Hollywood Actor, Kirk Douglas Dies at 103

Kirk Douglas, one of the last surviving movie stars from Hollywood’s golden age, whose rugged good looks and muscular intensity made him a commanding presence in celebrated films like “Lust for Life,” “Spartacus” and “Paths of Glory,” died on Wednesday at his home in Beverly Hills, Calif, according to his son, actor Michael Douglas. He was 103.

“It is with tremendous sadness that my brothers and I announce that Kirk Douglas left us today at the age of 103,” he wrote on his verified Instagram account. “To the world, he was a legend, an actor from the golden age of movies who lived well into his golden years, a humanitarian whose commitment to justice and the causes he believed in setting a standard for all of us to aspire to. But to me and my brothers Joel and Peter he was simply Dad, to Catherine, a wonderful father-in-law, to his grandchildren and great-grandchild their loving grandfather, and to his wife Anne, a wonderful husband.”

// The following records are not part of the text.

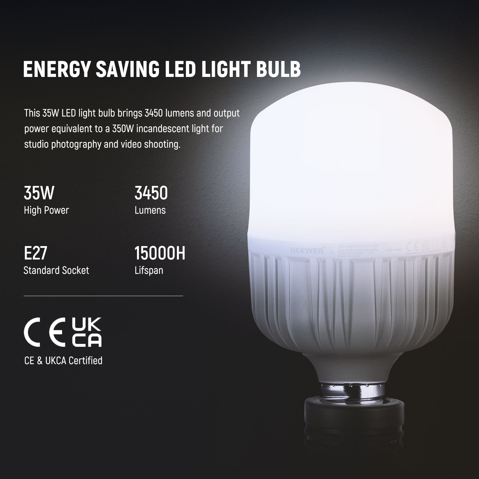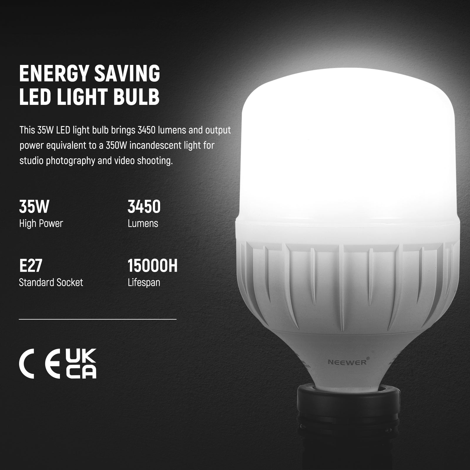 - Esta bombilla LED de 35 W con certificación UL tiene una potencia de salida equivalente a una luz incandescente de 350 W y brinda 3150 lúmenes para fotografía de estudio y grabación de videos.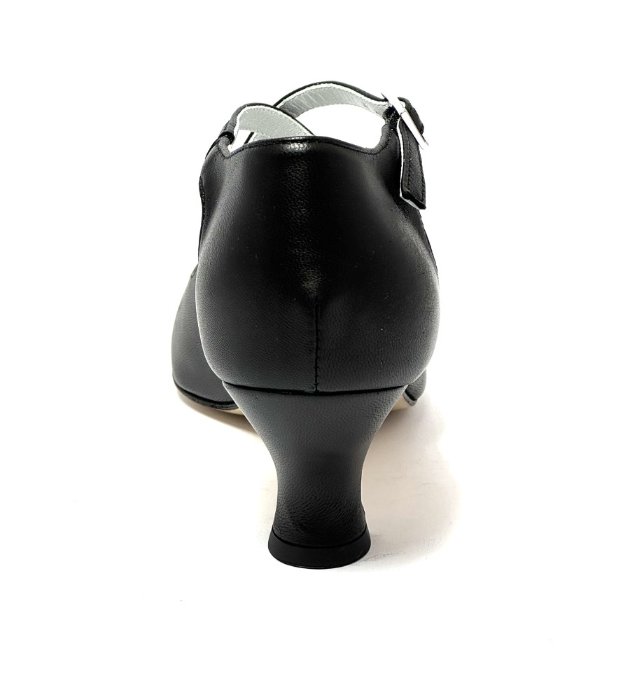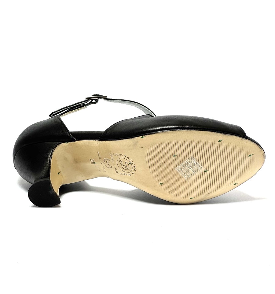 Scarpa da ballo per donna ottima per ballo latino americano ballo da sala liscio tango spuntata articolo 2082 sottopiede in memory foam tomaia in morbida pelle nera suola in cuoio pomiciato tacco 50 a rocchetto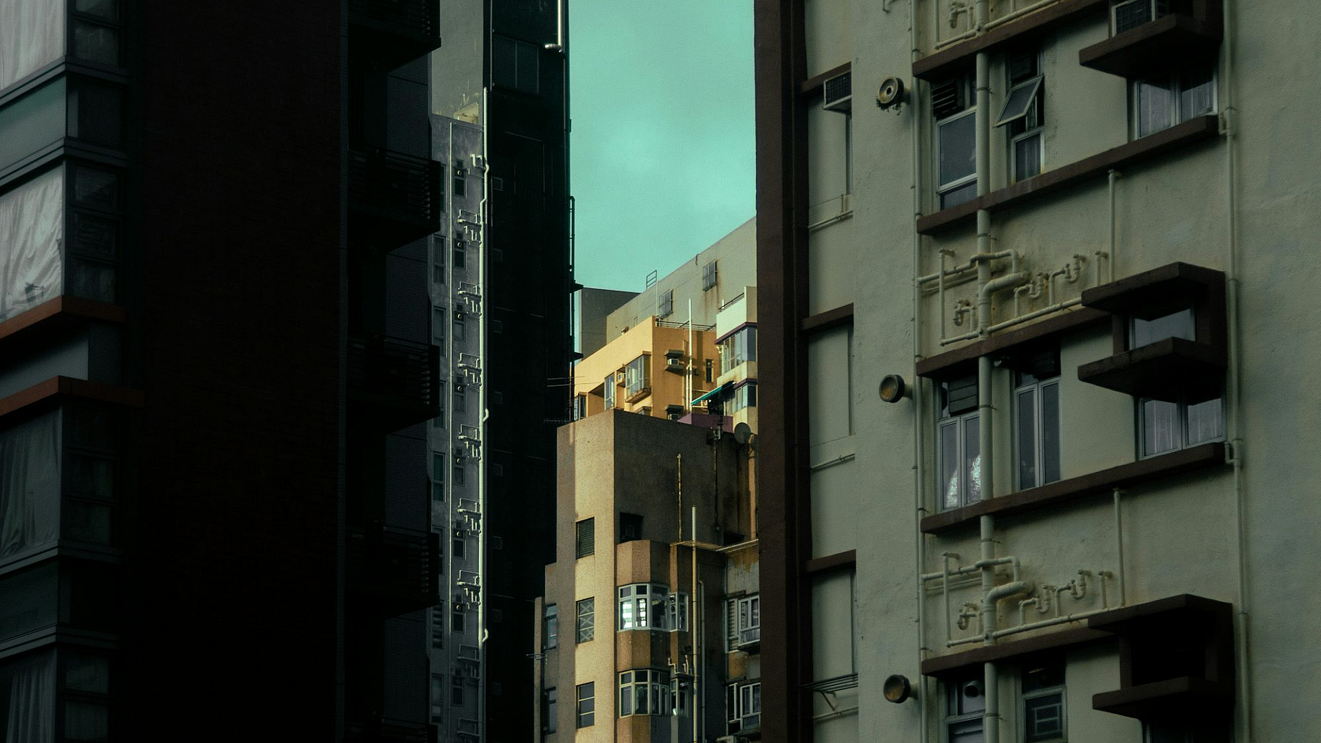 This wallpaper features a stunning image of two tall buildings standing side-by-side, showcasing impressive architecture and a dramatic cityscape.
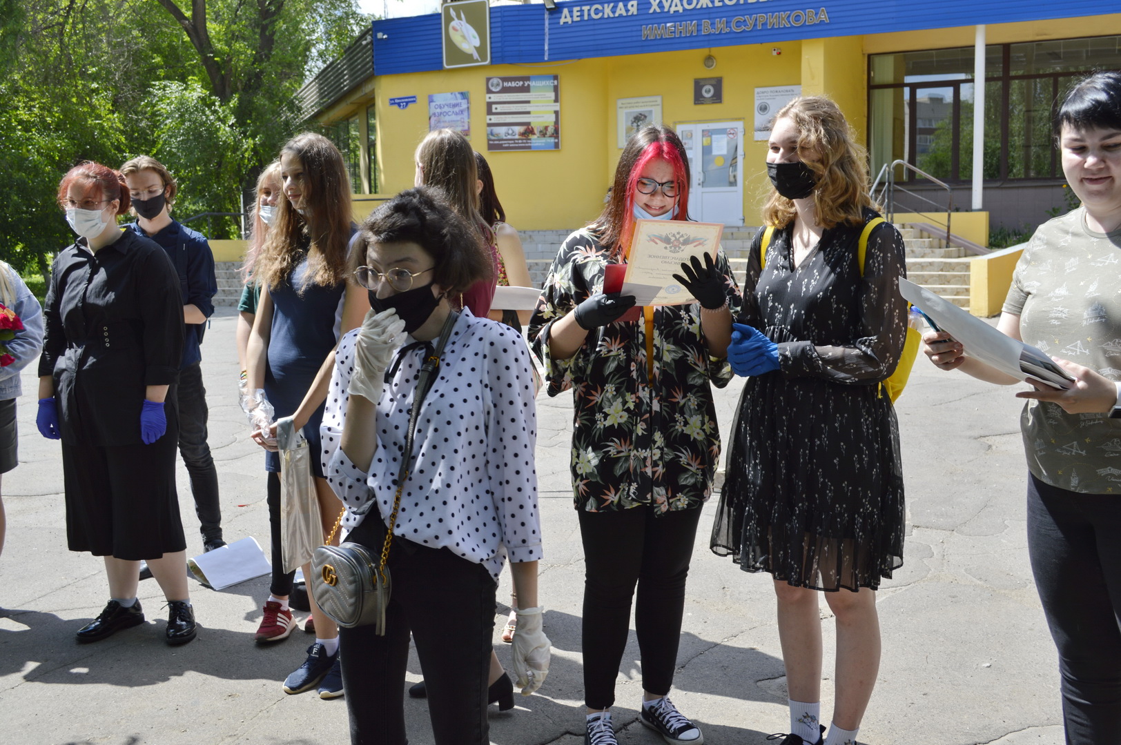 Несмотря на действующие ограничения в правилах проведения мероприятий, вручение свидетельств прошло в атмосфере, наполненной цветами, улыбками, небольшой грустью и большим количеством теплых пожеланий от администрации ДХШ №2 им. В.И. Сурикова, в лице директора школы Ирины Семеновны Кошеляевой, а также ведущих педагогов, классных руководителей, самих ребят и их родителей.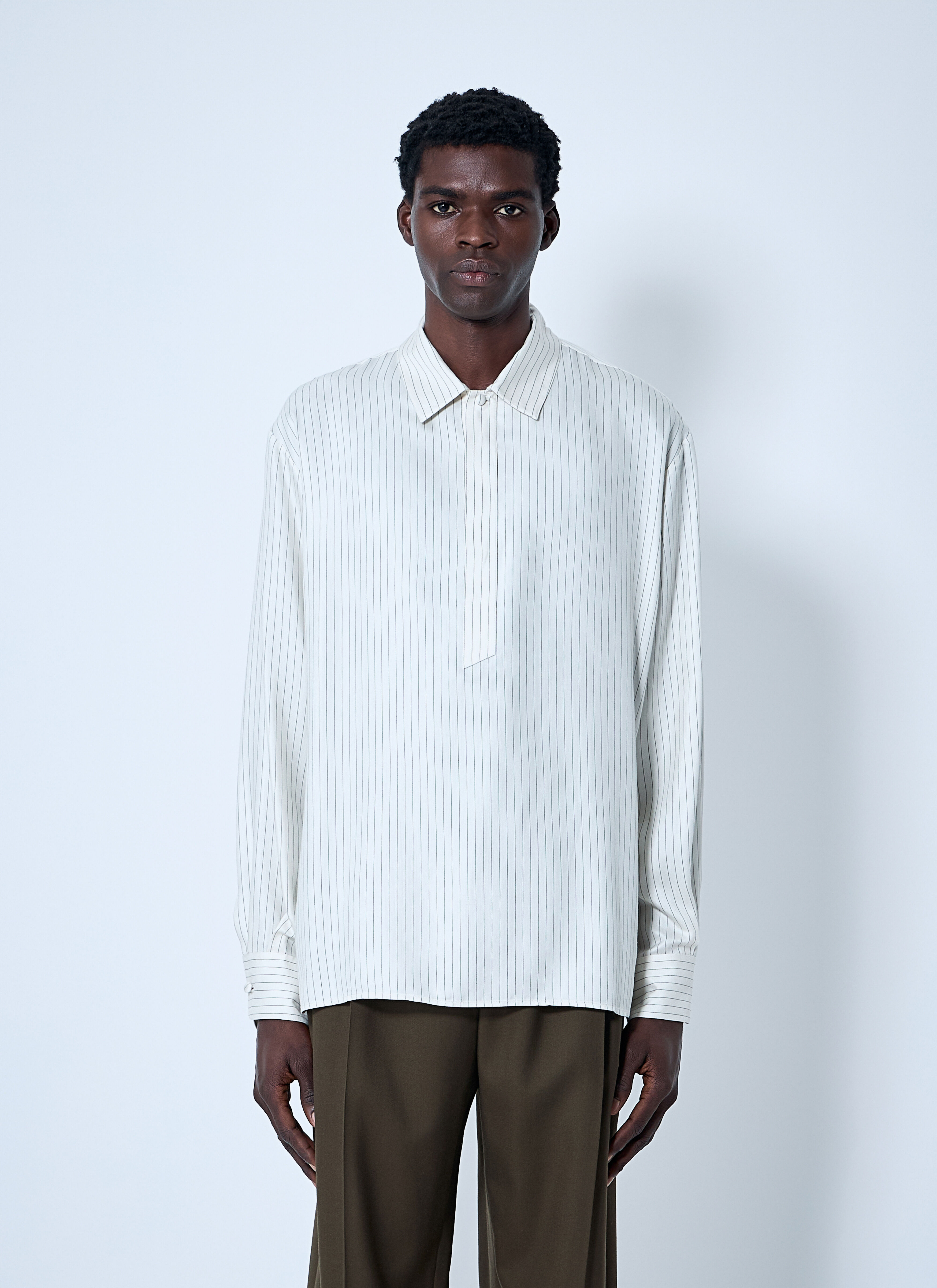 Pointed collar shirt in stripe weave. - Classic collar - Front button fastening - Long sleeves - Button fastening cuffs - 69% Viscose, 29% Silk, 2% Polyester. Dry clean - Color: Black - Code: 813934 Y2L93 9787

Douglas was Oscar-nominated for his roles as a double-crossing and womanizing boxer in “Champion” (1949), a ruthless movie producer in “The Bad and the Beautiful” (1952) and tortured artist Vincent Van Gogh in “Lust for Life” (1956).

But his only Academy Award came in 1995 — an honorary lifetime achievement statuette “for 50 years as a creative and moral force in the motion picture community.”

Douglas is survived by second wife Anne Buydens, 100, and three sons. A fourth child, Eric, died of a drug overdose in his 40s, in 2004.